И, к сожалению, не выглядит оптимистично как настоящее, так и будущее. Перемещение средств массовой информации из мира печатной бумаги в мир электроники дает новые возможности передачи, а также огромные возможности для ее управления. Манипуляции со всеми видами контента – они вошли в качество совершенно другого масштаба. Еще худшие прогнозы должны быть связаны с грядущими временами искусственного интеллекта, что может означать умножение бесценной производительности не в десятки или сотни, а в тысячи раз. И помните, что такое интеллект без человеческой эмпатии. Самый острый человеческий ум, отсутствие сострадания которого является психопатом. И искусственный интеллект, конечно, не будет иметь сочувствия. To
Так что, возможно, мы уже приближаемся к эпохе, в которой надзор за человеческими умами будет возложен на самых безжалостных и в то же время несравненно более эффективных, чем все предыдущие.

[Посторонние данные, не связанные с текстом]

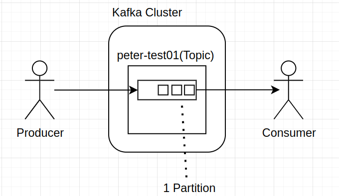 $ kafka/bin/kafka-topics.sh --bootstrap-server localhost:9092 --topic peter-test01 --partitions 1 --replication-factor 1 --create
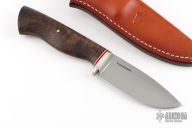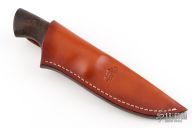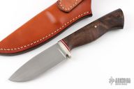 This knife by Warren Thacker features a hand rub satin finished blade with .169" blade stock and 1.415" blade depth, hidden tang construction. The handle has a nickel silver guard with a wood grip. Comes with a hand tooled brown leather sheath. New from maker!

Книга Якуба Мацеевского содержит в своем названии слово «история», но в наибольшей степени она повествует о том, что является для нас самым современным. И опасности ближайшего будущего, которые уже поднимаются над нами. Если мы мечтаем о какой-то свободе, если рассчитываем на какую-то субъективность в мире приближения к завтрашнему дню — нам абсолютно необходимо знать и основательно думать об «Истории цензуры» Якуба Мацеевского.